You know those little things that bug you even though you can't quite put a finger on why?
That's happened to me a couple times recently.
At recent concerts by The Arkells here in Whistler and Adele down in Vancouver, the performers asked audience members to pull out and wave their cell phones, ideally with the flashlight app on, mimicking lighters than have since gone out of style.
It's a trend that's been happening for a while, no doubt, but it's one that's always rubbed me the wrong way, though I can't determine exactly why.
Let's take a couple steps back, perhaps.
There seem to be disputes over how the tradition of lighting extremely small fires at concerts began. Some point to folk singer Melanie's set at Woodstock in 1969, where she played after a massive downpour and crowd members lit candles in appreciation of her set. She later wrote "Lay Down (Candles in the Rain)" about the experience (and for my money, her cover of The Rolling Stones' "Ruby Tuesday" is the better version). A month later, John Lennon and Yoko Ono were hyped up by MC Kim Fowley instructing fans to "Get (their) matches ready." After the BIC disposable lighter debuted in the early '70s, the first occurrence seems to be at a Bob Dylan and The Band concert, and the image was even immortalized on the Before the Flood album cover. And whether it's the cause or more of an opportunist move, those lighting up some smokeables certainly took advantage of the situation.

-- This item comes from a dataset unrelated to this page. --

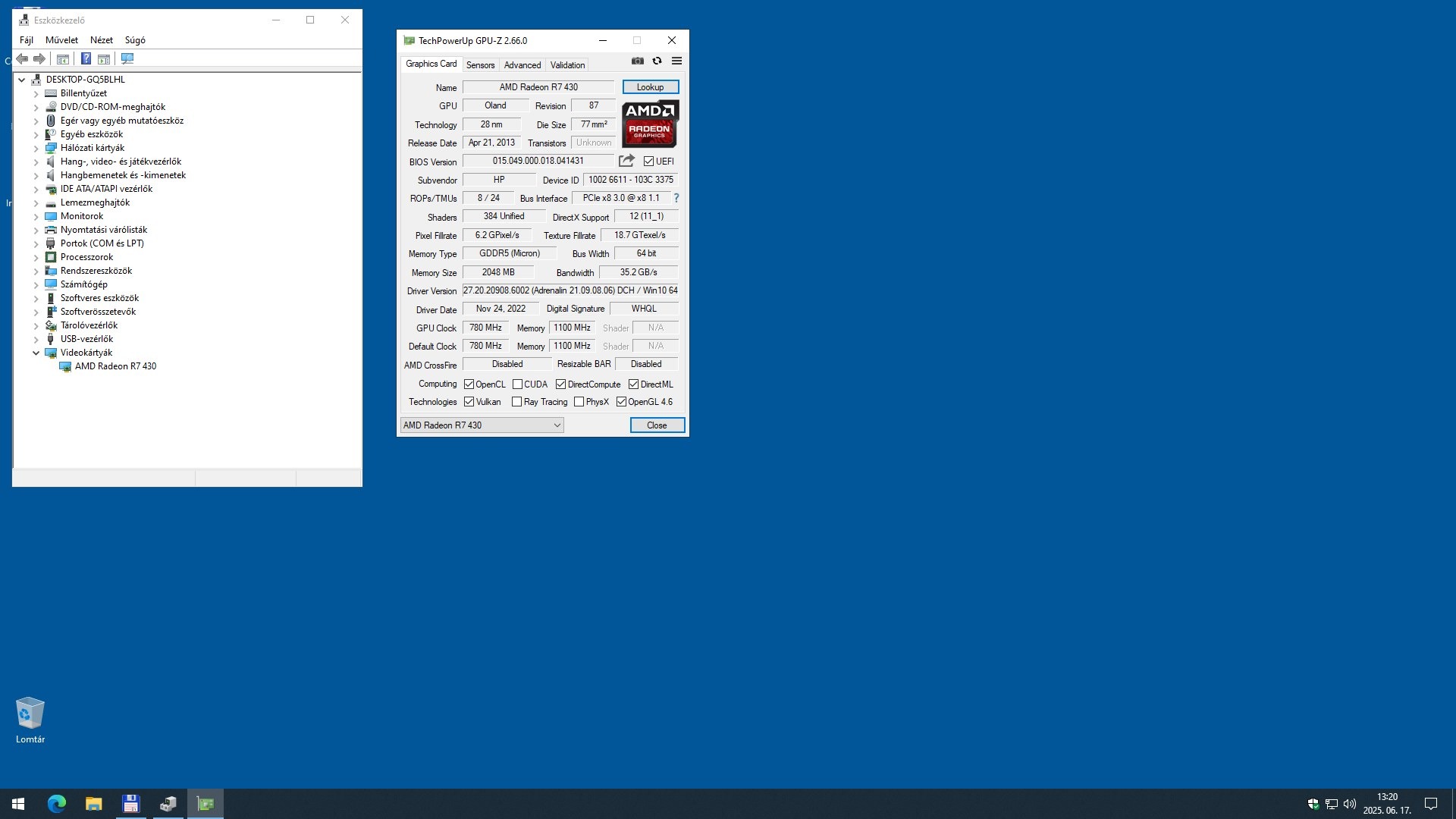 HP Radeon R7 430 2GB LP videokártya

I can't exactly remember the first time I saw a phone used in place of a lighter but it rubbed me the wrong way immediately.
I was one of the rare Millennials who tried to avoid cell phones and wasn't overjoyed when I got a little Nokia for Christmas in 2004. Few of my friends had cells at that time, so if any of us were away from a landline, we were only found by instinct or by chance. It felt like a revocation of freedom at the time, but in practice, was a tool my parents and I rarely used.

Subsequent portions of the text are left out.